User talk:Grayghost01

From Wikipedia, the free encyclopedia

Please click Here to leave me a new message.



Contents

[edit] Naming of Civil War battles

The Civil War Task Force (WP:ACW) and its predecessors agreed to use the official National Park Service designations for battles as the main titles for Civil War articles. Hence, while indeed the Third Battle of Winchester is the common usage in the town of Winchester, the Battle of Opequon is what the government calls the battle. Hence, Wikipedia follows suit. Manassas seems to be an exception to this rule of thumb, but in general, Wiki editors follow this convention. This is why I (and others later) reverted your changes from Opequon to Third Winchester so as to be consistent with Wiki convention. If you strongly disagree, please join the task force and air your views on its message board; you are most welcome to do so!

Scott Mingus 20:57, 26 February 2007 (UTC)

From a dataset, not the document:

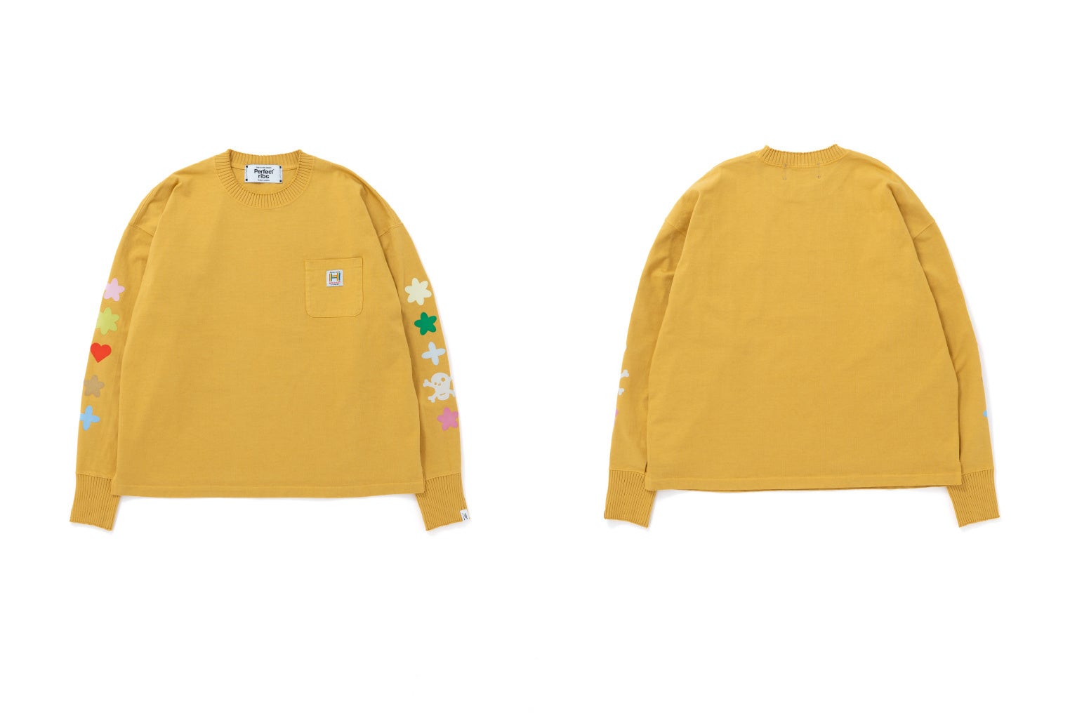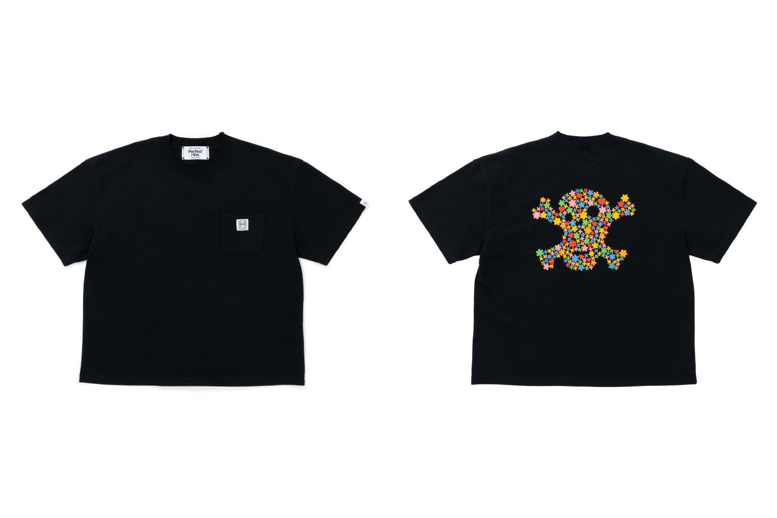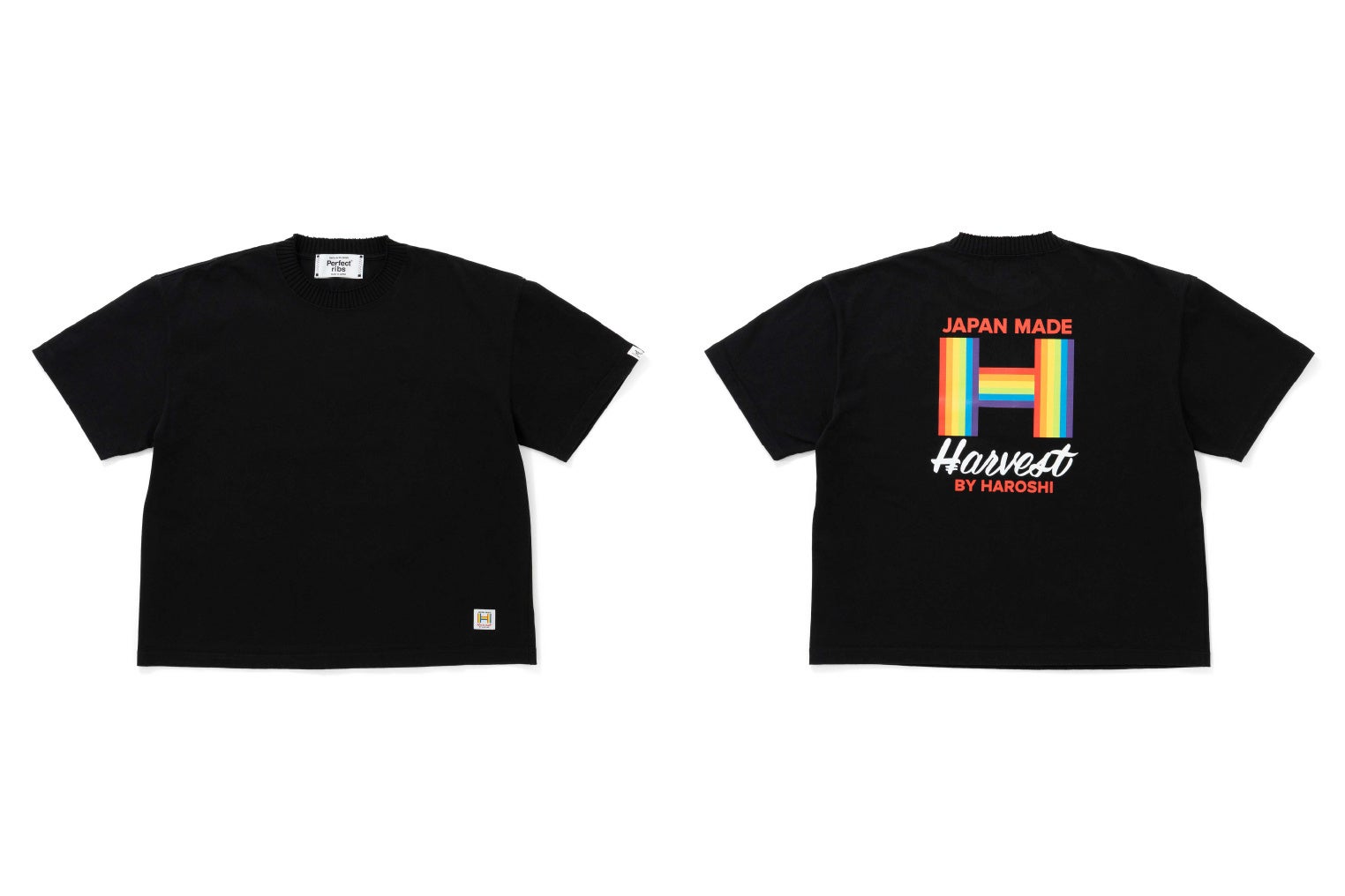 「Harvest」名義でHAROSHIが展開していた初期の作品に着想し、当時HAROSHIがスケートボードの廃材を削り上げた設計図を基にグラフィックを起こし、Perfect ribs®︎の肉厚生地を用いた人気品番に施しました。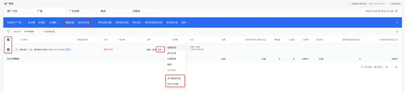 广告主创建计划/广告后,可使用系统的智能盯盘或自定义盯盘托管能力。

Although I didn't have any ancestors at this specific battle, it holds less interest for me than places where my great-grandfathers actually fought (such as Antietam and Gettysburg). Hence, I will defer to whatever the general consensus of the editors is. Scott Mingus 04:10, 27 February 2007 (UTC)

[edit] User Page

Hey Grayghost01, if you have the time, please create a User Page telling us a little more about yourself. Thanks for joining the ACW Task Force. Feel free to add its logo to your User Page, and welcome aboard! Feel free to call on myself or other members of the task force for advice or ideas. Regards from snowy York County, PA! Scott Mingus 01:11, 28 February 2007 (UTC)

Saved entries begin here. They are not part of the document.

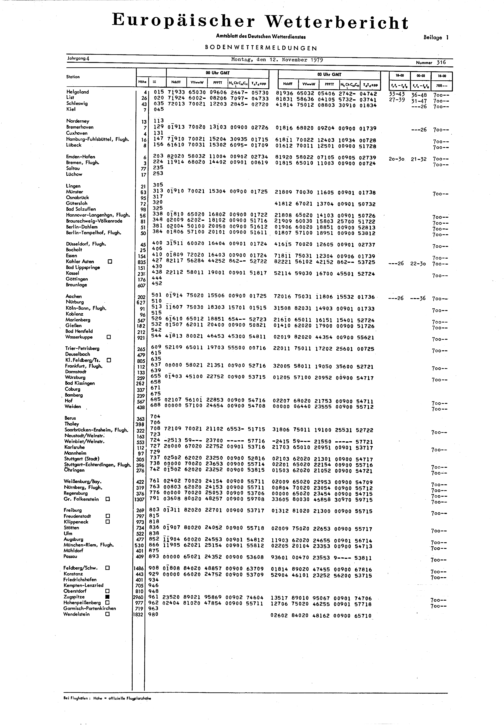 Europäischer Wetterbericht. Beilage 1, Bodenwettermeldungen. 1976-1994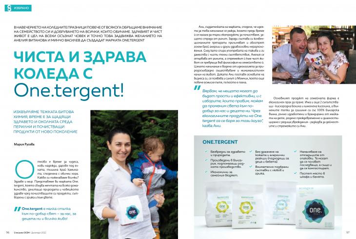 Мария РусеваВ навечерието на коледните празници повече от всякога обръщаме внимание на семейството си и добруването на всички, които обичаме. Здравият и чист живот е цел на всеки осъзнат човек и точно това задвижва желанието на Анелия Витанова и Mинчо Василев да създадат марката One.tergent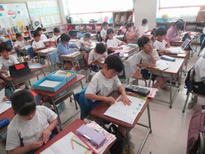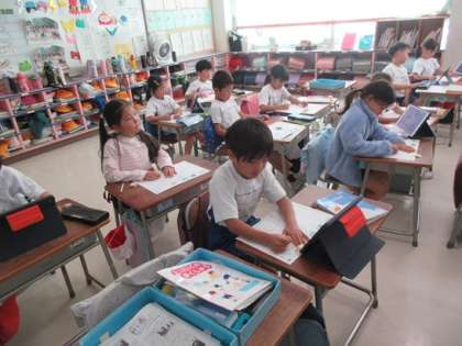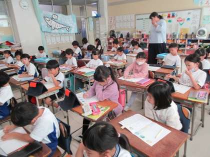 「たぬきの糸車」の話を場面分けして、あらすじを確かめています。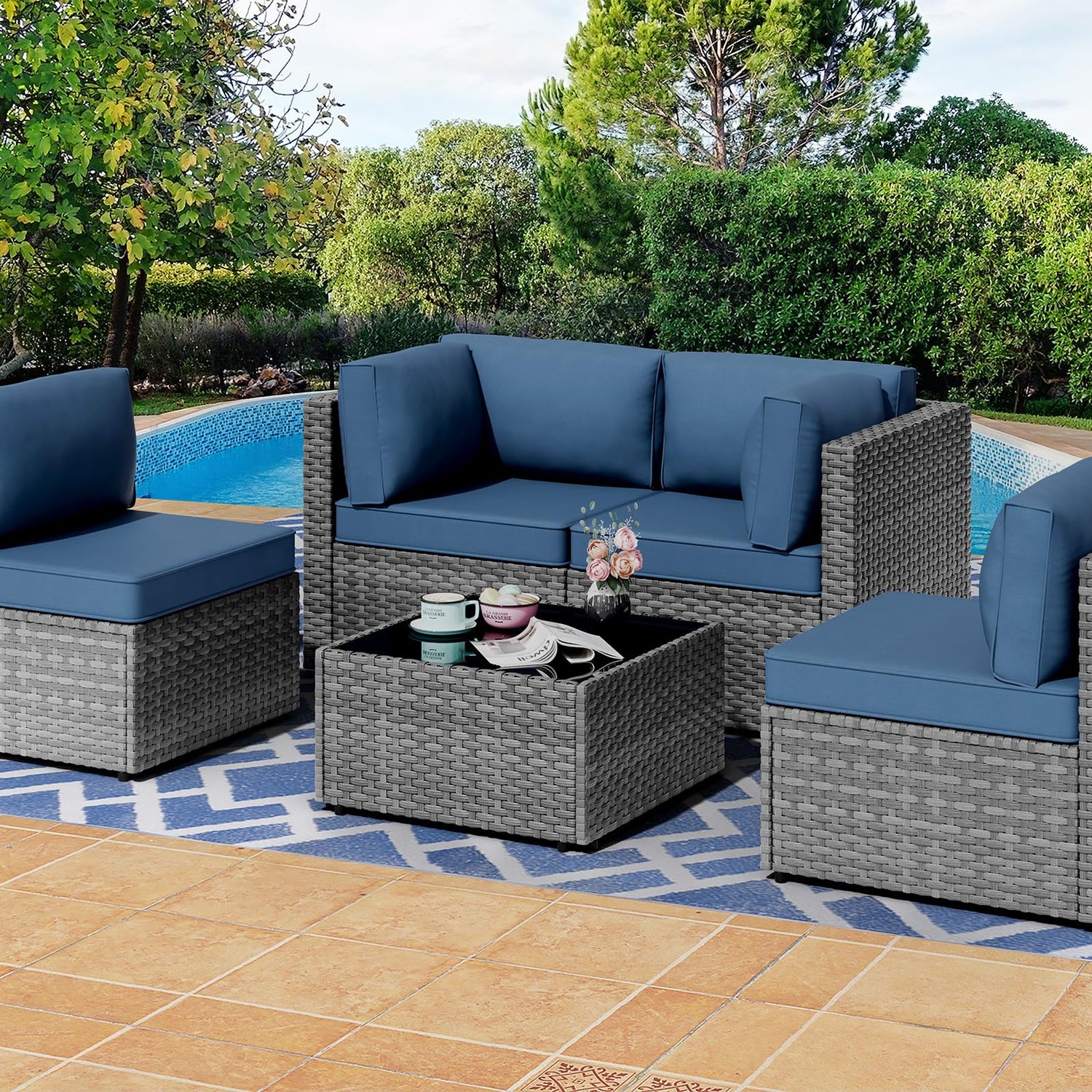 Shintenchi 5 Pieces Outdoor Patio Furniture Sets, Patio Sectional Sofa Couch, Furniture Modular Patio Conversation Sets Patio Sofa with Coffee Table (Aegean Blue)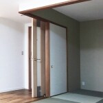 今回のリフォームの雰囲気を大きく作用するお部屋の一つである和室の畳・壁紙・襖の色や質感にも、こだわりを持って、素材からお選びいただきました。さり気なく全体のメインカラーであるグリーンを引き立てる配色になったと思います。防火性能準不燃・防カビの壁クロスを使用し、畳は高断熱仕様の半帖畳をご提案させていただきました。
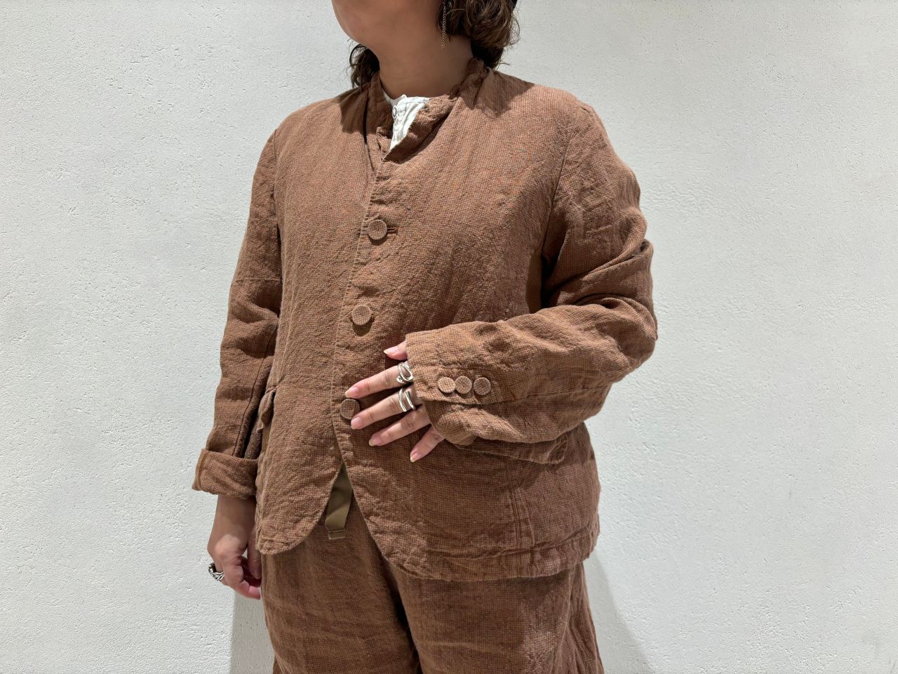 スタンドカラーのジャケットはすっきりとしたシルエットかつ、ウエスト裏にテープが通り、シルエットの変化が可能。コンパクトなサイズ感がボトムを選ばず重宝します。

Thanks for sharing! Welcome aboard! Scott Mingus 12:02, 4 March 2007 (UTC)

[edit] Second Winchester

I was away for the weekend while you added all of the comments to my user page regarding Second Winchester. I am running short of time to give you a detailed response today, but will do so ASAP. When I do, I will be copying your comments into the talk page for the battle article and responding there. I believe the discussion is of more general interest than simply a one-on-one communication. A short preview of my comments is that I will have no problem listing alternative views on the number of casualties. I did that in the Battle of the Wilderness article, as you have noted. I am not one, however, who believes the Official Records are always the most accurate source, so I generally prefer to get information from secondary sources, historians who have analyzed the Official Records as well as many of the other primary sources that are available and use their best judgment as to the correct answer. I have no personal ax to grind about how the numbers are eventually portrayed, so please do not assume that I am trying to deliberately promulgate incorrect information. Thanks. Hal Jespersen 02:15, 19 March 2007 (UTC)

Since I wrote this last night, I have decided to change my approach to this. I often try to assist other editors with their formatting and presentation, but I do not like to do it while major work is in progress. It simply causes frustration on both sides. (Generally, however, there are very few major changes being implemented in articles. Usually, people only throw in a paragraph or two. So your case is an exception.) Go ahead and make the changes that you are planning to make and let me know when you are finished on both the battle article and Milroy. I can then take a pass through them and get the Wikipedia formatting and our own ACW style guidelines implemented. (In case you have not looked at it, I wrote a style guide that I use on all of my articles, and the ACW task force has informally adopted them.)
By the way, this battle has my only significant familial ties to the war. My great great great uncle was in the 18th Connecticut, captured at Winchester. (There are others I know about from Rhode Island, but they had no significant combat experiences.) Hal Jespersen 15:20, 19 March 2007 (UTC)
Thanks for the tour offer. I have no immediate plans to be in the Valley, unfortunately, but will file this away. (I'll be at the CWPT meeting in Portsmouth next month, however.) My last trip to the vicinity was to Lexington, which you can read about in my periodic CW travelogue: http://www.posix.com/CW05/index.html#CWPT
I enjoy doing email with CW folks. You can reach me via email from my User page's yellow stripe on top.
Regarding your comments on Federals, it is likely the original poster will not see your response unless you go to his Talk page. I actually like Federal as a noun because it balances Confederate exactly. Hal Jespersen 01:20, 20 March 2007 (UTC)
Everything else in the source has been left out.